The emotional layer was equally specific. Frank previously featured audio of his pastor grandfather preaching on tour. At GEODIS Park, he honored both his grandfather and grandmother, both of whom passed away recently. He told the crowd about growing up in the same neighborhood as them, being dropped off about once a month, and his grandmother praying in a language he did not understand. He then framed the moment in a way that connects personal grief to communal faith, asking whether people are “here today” because somebody prayed for them. After that, he performed the unreleased song “Somebody Prayed.” Later, he also used the physical space like a tool, walking through the crowd to a piano set up at a satellite stage near the back of the venue so that those in the back would get “the best seats in the house.” He sang “No Longer Bound” and “Thankful,” before returning to the main stage.
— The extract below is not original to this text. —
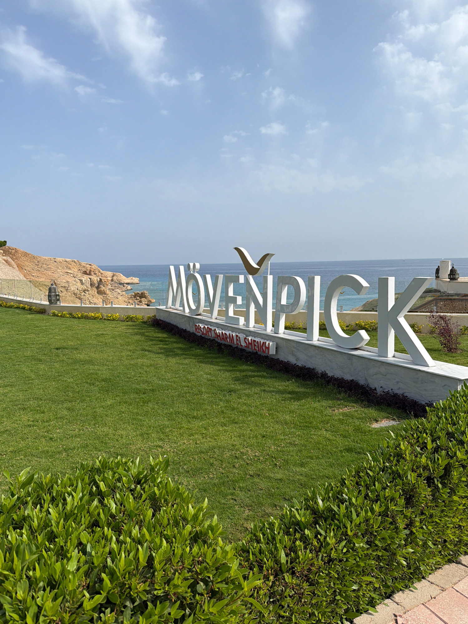 This image captures a scenic view of a coastal resort, correctly oriented as a landscape. In the foreground, a large, white, three-dimensional sign spells out "MÖVENPICK". Beneath these prominent lett…read more

From an executive lens, the second-order lesson is that Christian music’s surge is not only about streams and charts. It is about designing a format where mainstream-scale attendance can coexist with worship-first intent. The wristbands lighting up in vivid yellow at the end were not random theatrics. They matched a closing arc: The Figs’ Bailey and Micah hyped the crowd while Frank surprised fans by appearing in the upper reaches of the venue surrounded by fans. Then he joined The Figs to sing “Lemonade,” followed by another high-energy pop-infused hit, “Never Get Used to This.” That kind of multi-generational, family-friendly execution is what turns a hit set into a repeatable experience. And for peers trying to build durable audience growth in CCM and adjacent categories, Frank’s GEODIS Park night offered a blueprint: pair rapid Billboard momentum with participatory show design, and let the atmosphere do the selling.